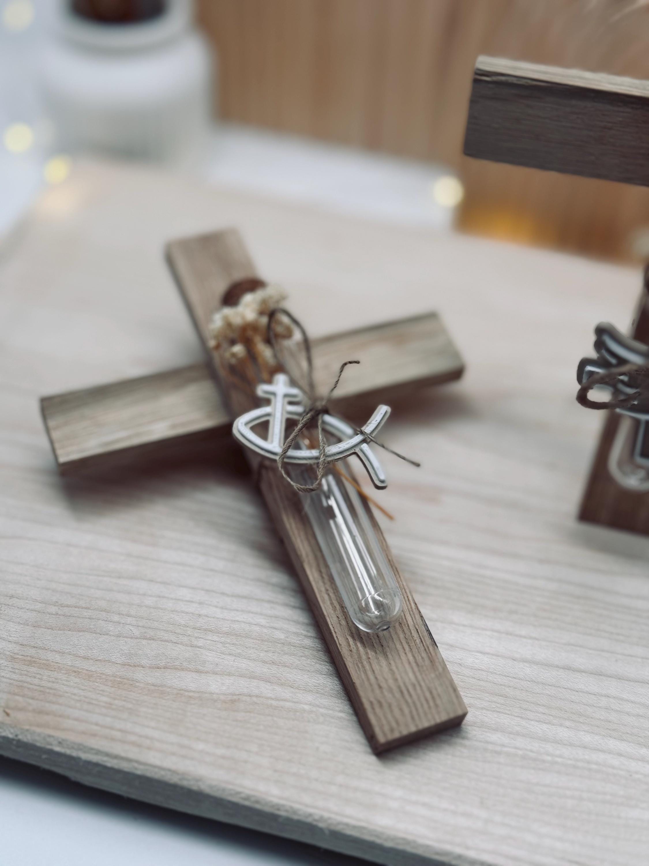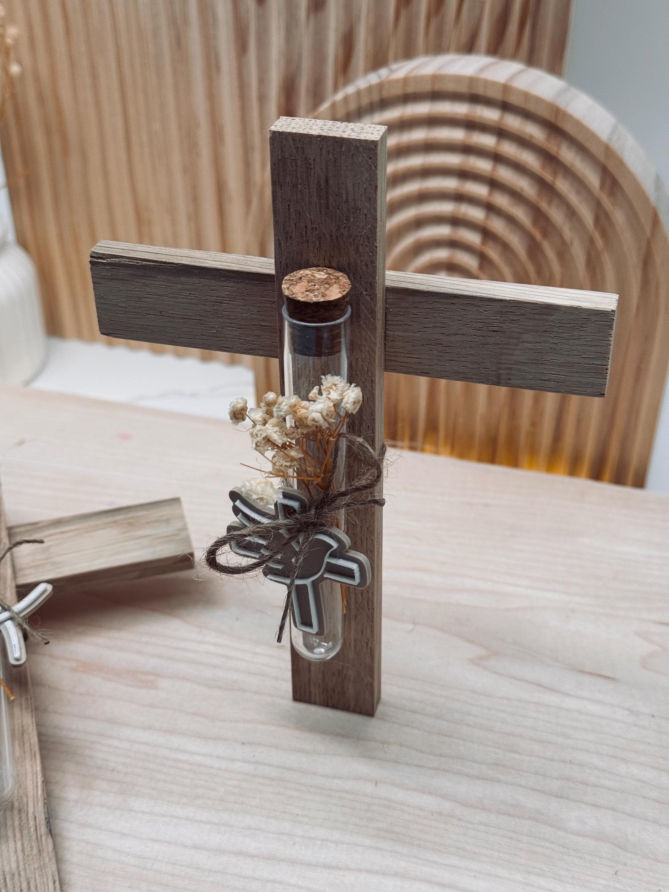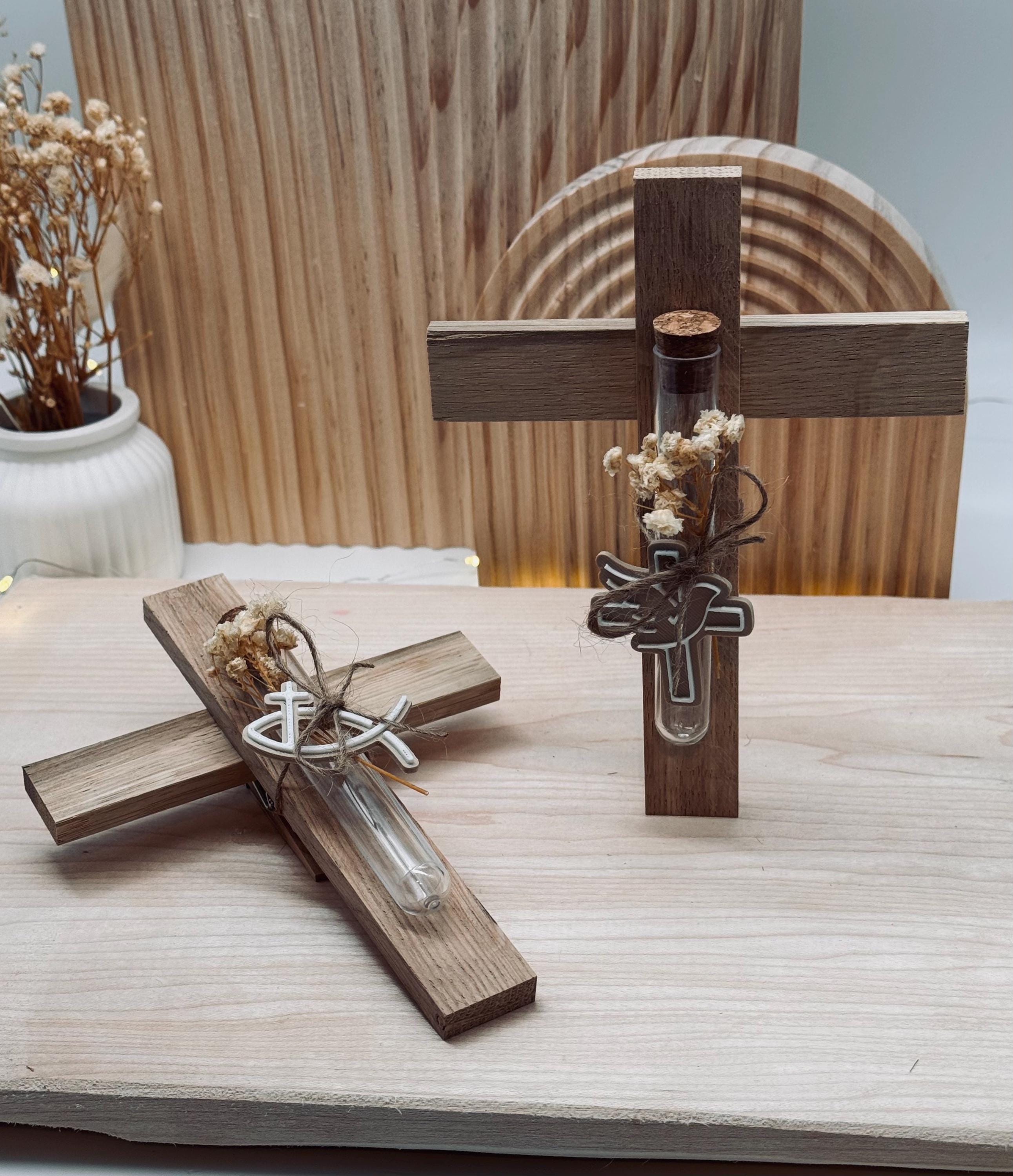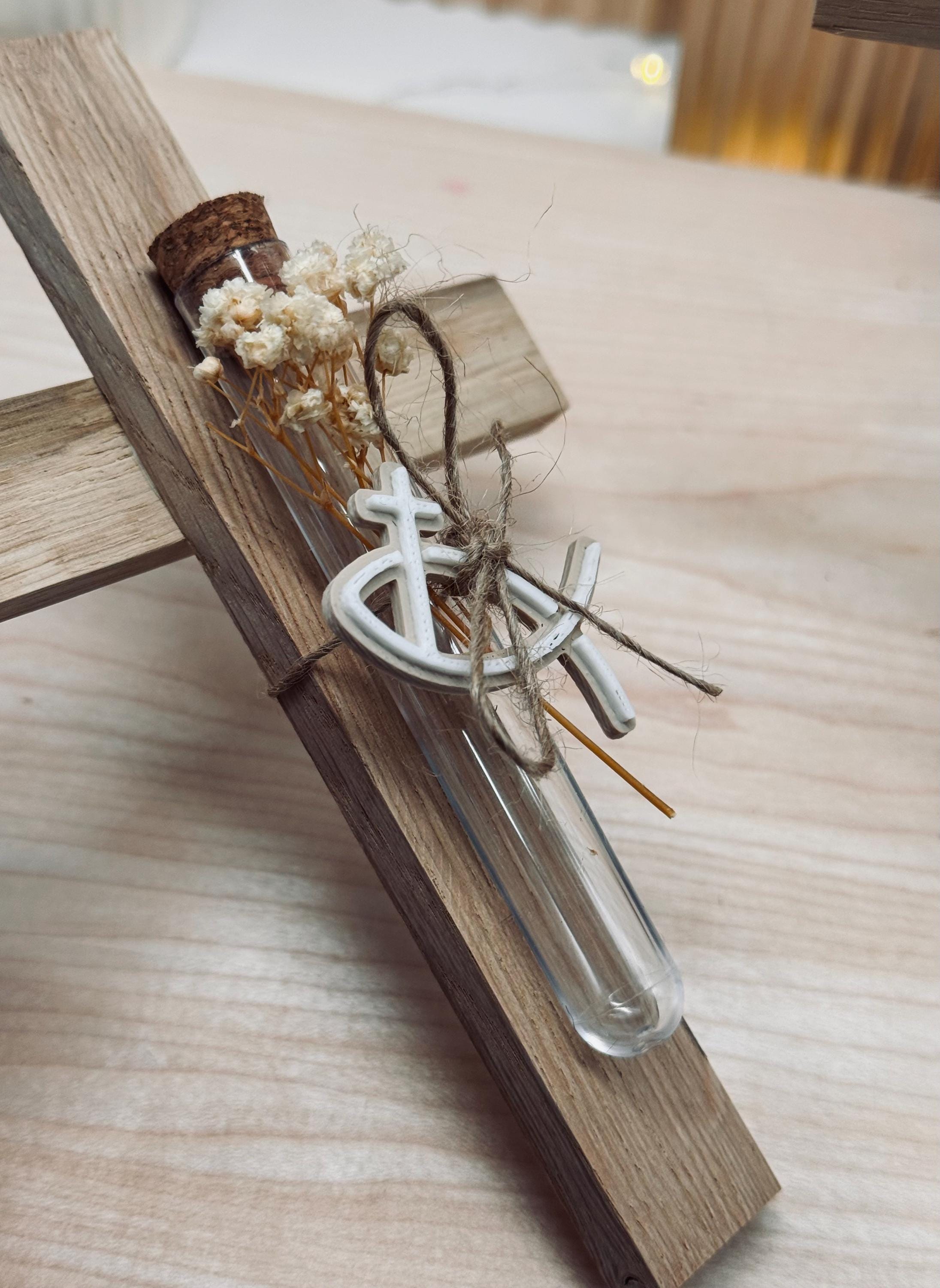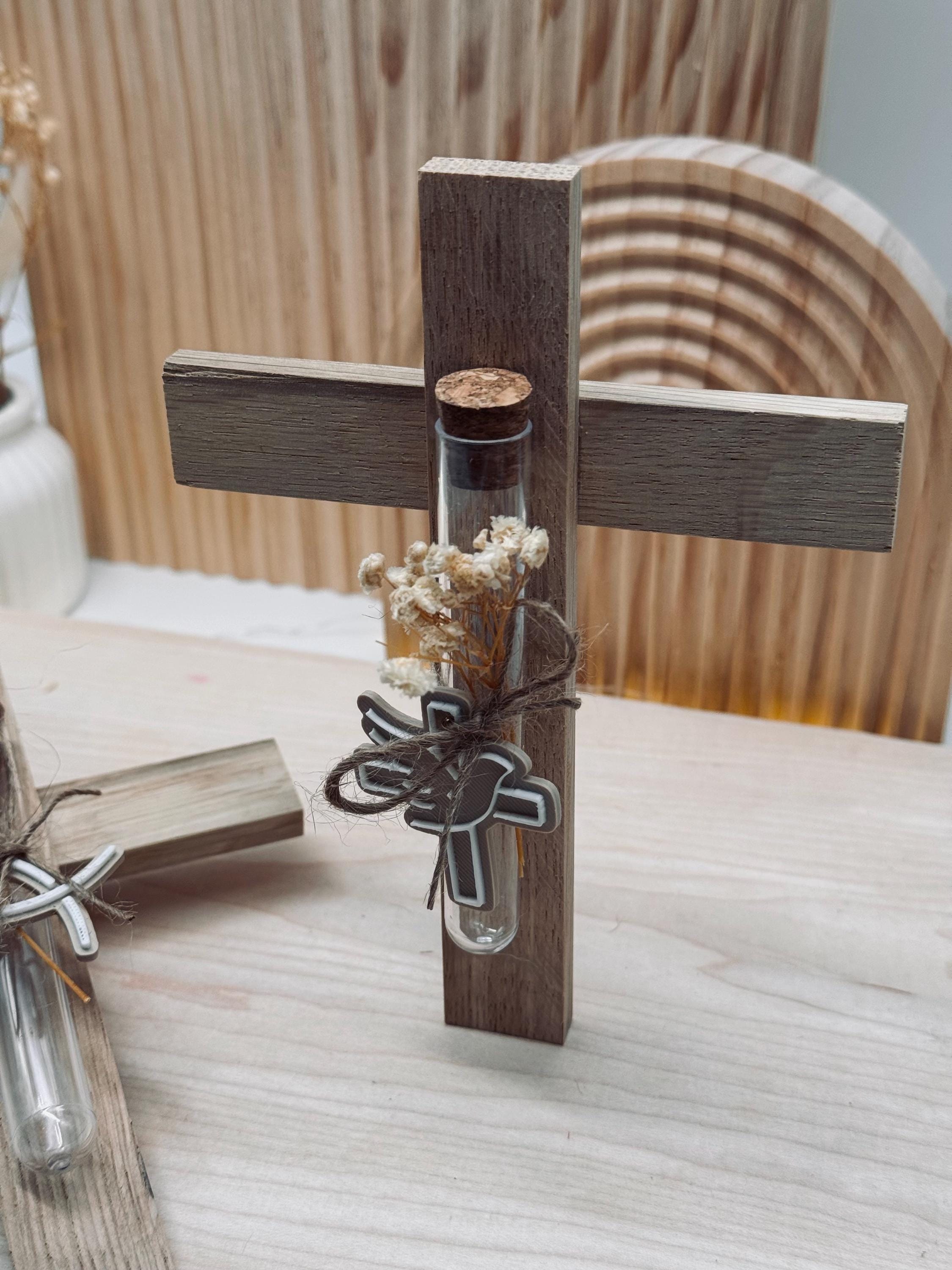 Maße: Reagenzglas (Kunststoff) Länge: 11 cm - Ø aussen 21,4 cm und innen 1,2 cm Kreuz: ca. 16 cm x 12 cm
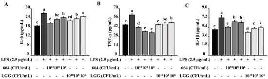 Effects of L. fermentum 664 or LGG treatments on the expression of immune indicators interleukin-6 (IL-6) (A), tumor necrosis factor-α (TNF-α) (B), and interleukin-1β (IL-1β) (C). All data are expressed as the mean ± SD (n = 3). Superscripts (a–e) are substantially different from one another (p < 0.05).
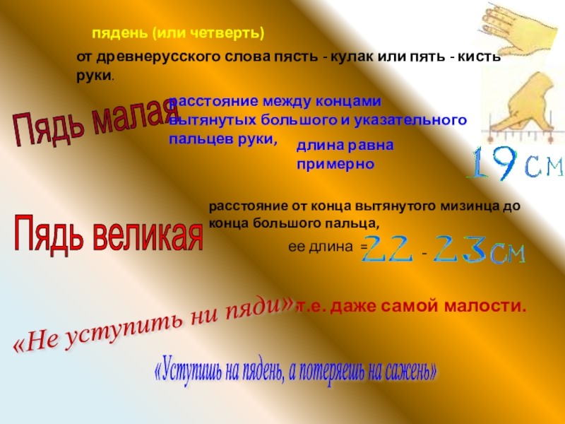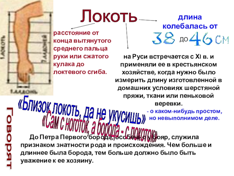 расстояние от конца вытянутого среднего пальца руки или сжатого кулака до локтевого сгиба.
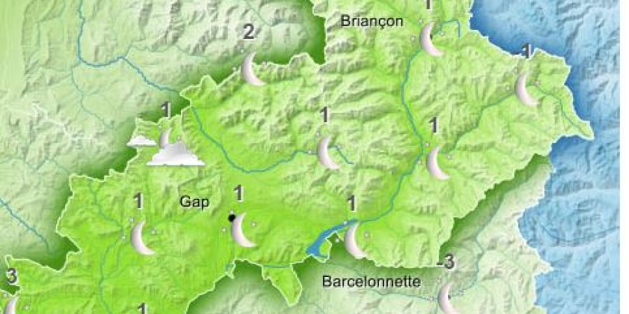 vent de sud-ouest apporte des nuages gris sur le sud des Hautes Alpes, des éclaircies se développent plus au nord. En
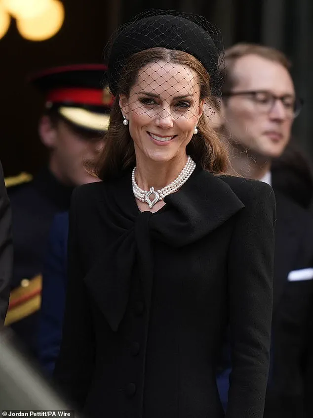 The Prince and Princess of Wales, William and Catherine, attended the service in black, their presence a testament to the Duchess’s enduring influence.
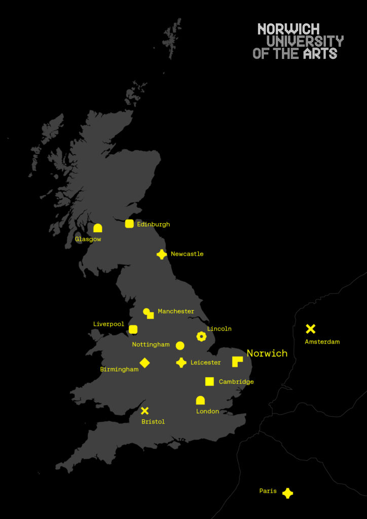 If you are arriving at Norwich Train Station, please don’t get the 25|26 bus reading ‘University’. This goes to the University of East Anglia, not Norwich University of the Arts.
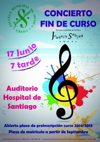 La Escuela Municipal de Música 'Joaquín Sabina' de Úbeda clausura hoy martes su año académico con un concierto de final de curso en el que más de 80 intérpretes demostrarán lo aprendido durante el último año. Será en el auditorio del Hospital de Santiago a partir de las siete de la tarde. Y los participantes harán gala de la ilusión, atrevimiento, tesón y profesionalidad que ya han dejado patente en las diferentes actuaciones de este curso.
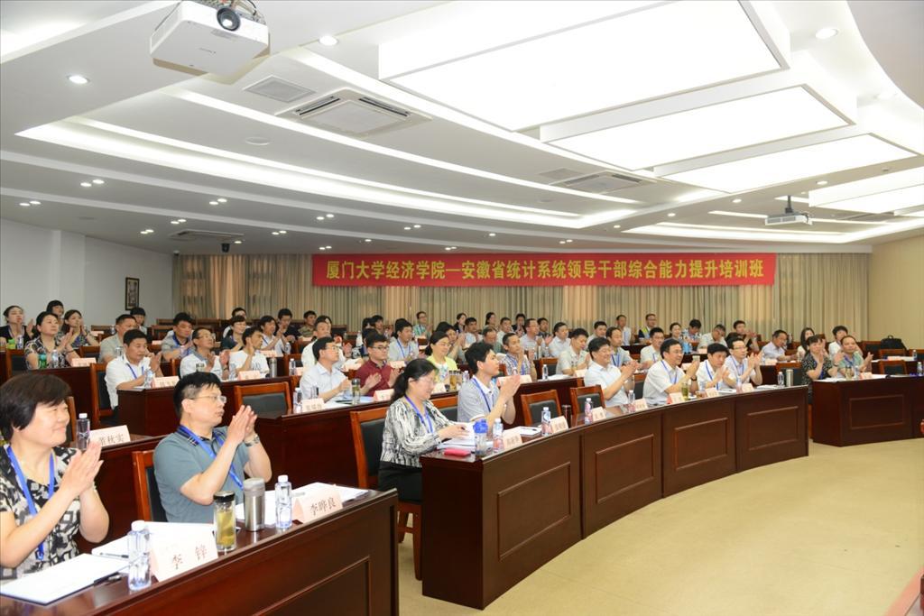 5月7号上午,由厦门大学经济学院继续教育中心承办的安徽省统计系统领导干部综合能力提升培训班顺利开班。来自安徽省统计局各机关部处负责人、各市县区统计局局长以及阜阳市、界首市主要领导干部参加了此次培训。安徽省统计局党组书记、局长钱晓康,阜阳市统计局局长王凯和经济学院党委副书记王艺宏出席了开班典礼。开班典礼由界首市委常委、副市长刘博主持。

---+---

Only the lines that lie between the start of the listing and the line containing "The Prince and", both included, belong in the answer; write them out exactly and omit pictures.

SOLUTION:
 Maße: Reagenzglas (Kunststoff) Länge: 11 cm - Ø aussen 21,4 cm und innen 1,2 cm Kreuz: ca. 16 cm x 12 cm
 Effects of L. fermentum 664 or LGG treatments on the expression of immune indicators interleukin-6 (IL-6) (A), tumor necrosis factor-α (TNF-α) (B), and interleukin-1β (IL-1β) (C). All data are expressed as the mean ± SD (n = 3). Superscripts (a–e) are substantially different from one another (p < 0.05).
 расстояние от конца вытянутого среднего пальца руки или сжатого кулака до локтевого сгиба.
 vent de sud-ouest apporte des nuages gris sur le sud des Hautes Alpes, des éclaircies se développent plus au nord. En
 The Prince and Princess of Wales, William and Catherine, attended the service in black, their presence a testament to the Duchess’s enduring influence.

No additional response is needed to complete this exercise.